● **TASK PROMPT**
No pictures belong in the copy. Retype exactly, and only, the stretch of lines below from the one with "There are 2" through the one with "Lie on this".

● **DATA EXTRACTS**

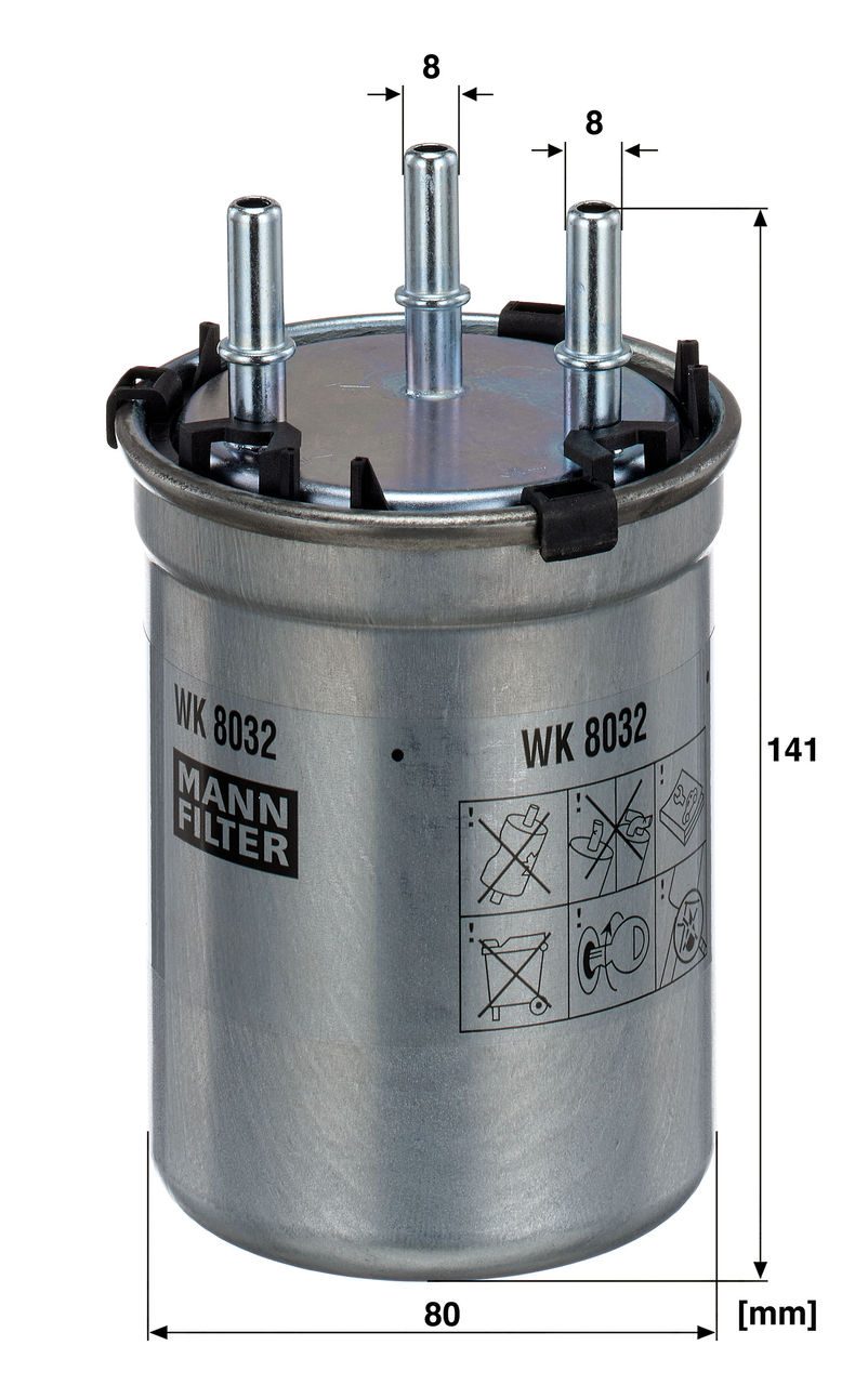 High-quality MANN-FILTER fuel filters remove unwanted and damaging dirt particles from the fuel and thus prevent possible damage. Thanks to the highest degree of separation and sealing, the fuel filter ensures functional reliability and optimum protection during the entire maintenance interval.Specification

--

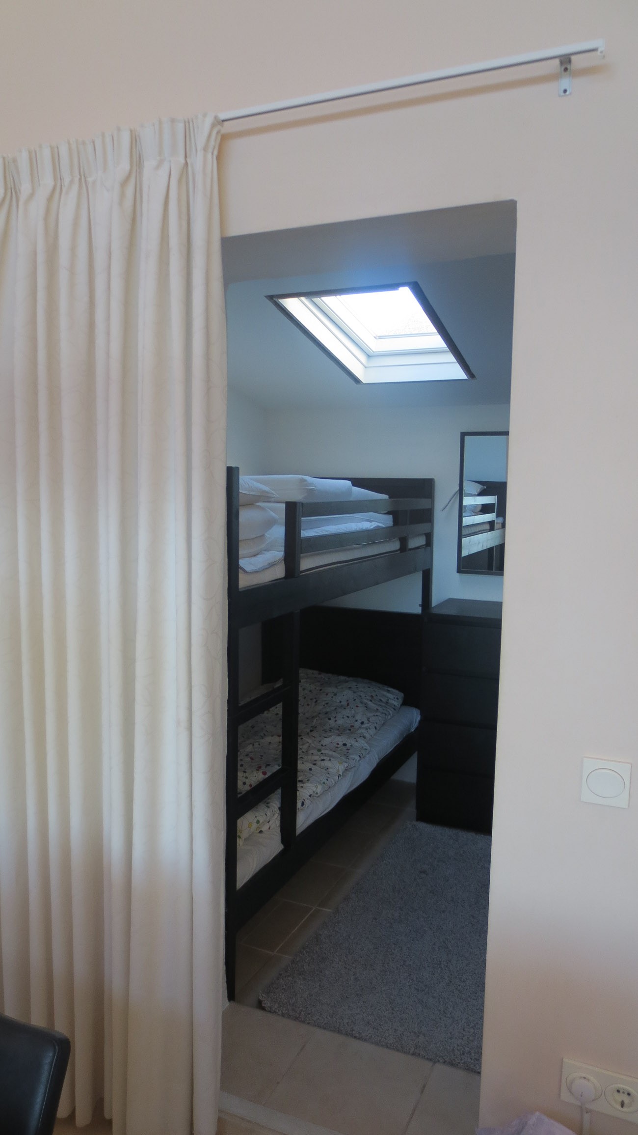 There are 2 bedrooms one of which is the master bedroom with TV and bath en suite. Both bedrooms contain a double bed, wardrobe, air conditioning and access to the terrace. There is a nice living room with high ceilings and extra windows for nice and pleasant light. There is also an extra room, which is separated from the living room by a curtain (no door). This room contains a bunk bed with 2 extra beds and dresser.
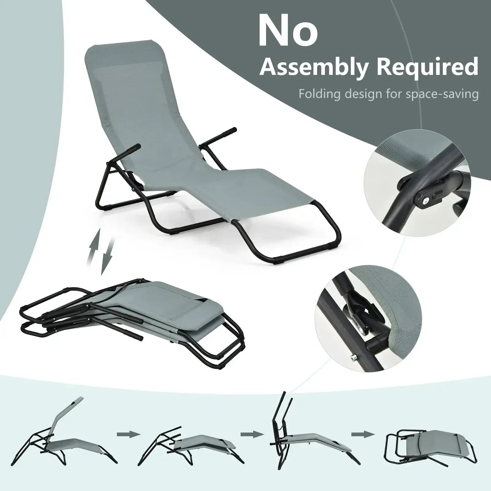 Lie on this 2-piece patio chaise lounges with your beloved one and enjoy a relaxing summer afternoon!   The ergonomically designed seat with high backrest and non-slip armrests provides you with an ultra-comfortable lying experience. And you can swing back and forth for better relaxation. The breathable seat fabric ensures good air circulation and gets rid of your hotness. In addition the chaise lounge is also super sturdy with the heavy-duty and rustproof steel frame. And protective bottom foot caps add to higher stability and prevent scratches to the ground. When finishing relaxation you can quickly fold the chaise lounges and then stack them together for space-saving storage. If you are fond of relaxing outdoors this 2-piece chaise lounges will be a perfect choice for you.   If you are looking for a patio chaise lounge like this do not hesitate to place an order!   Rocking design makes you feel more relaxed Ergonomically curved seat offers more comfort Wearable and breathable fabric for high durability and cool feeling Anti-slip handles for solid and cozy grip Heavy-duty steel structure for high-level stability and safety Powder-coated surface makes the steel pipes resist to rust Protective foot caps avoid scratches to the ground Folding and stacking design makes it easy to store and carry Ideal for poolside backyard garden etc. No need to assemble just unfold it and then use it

● **ANSWER BELOW**
 There are 2 bedrooms one of which is the master bedroom with TV and bath en suite. Both bedrooms contain a double bed, wardrobe, air conditioning and access to the terrace. There is a nice living room with high ceilings and extra windows for nice and pleasant light. There is also an extra room, which is separated from the living room by a curtain (no door). This room contains a bunk bed with 2 extra beds and dresser.
 Lie on this 2-piece patio chaise lounges with your beloved one and enjoy a relaxing summer afternoon!   The ergonomically designed seat with high backrest and non-slip armrests provides you with an ultra-comfortable lying experience. And you can swing back and forth for better relaxation. The breathable seat fabric ensures good air circulation and gets rid of your hotness. In addition the chaise lounge is also super sturdy with the heavy-duty and rustproof steel frame. And protective bottom foot caps add to higher stability and prevent scratches to the ground. When finishing relaxation you can quickly fold the chaise lounges and then stack them together for space-saving storage. If you are fond of relaxing outdoors this 2-piece chaise lounges will be a perfect choice for you.   If you are looking for a patio chaise lounge like this do not hesitate to place an order!   Rocking design makes you feel more relaxed Ergonomically curved seat offers more comfort Wearable and breathable fabric for high durability and cool feeling Anti-slip handles for solid and cozy grip Heavy-duty steel structure for high-level stability and safety Powder-coated surface makes the steel pipes resist to rust Protective foot caps avoid scratches to the ground Folding and stacking design makes it easy to store and carry Ideal for poolside backyard garden etc. No need to assemble just unfold it and then use it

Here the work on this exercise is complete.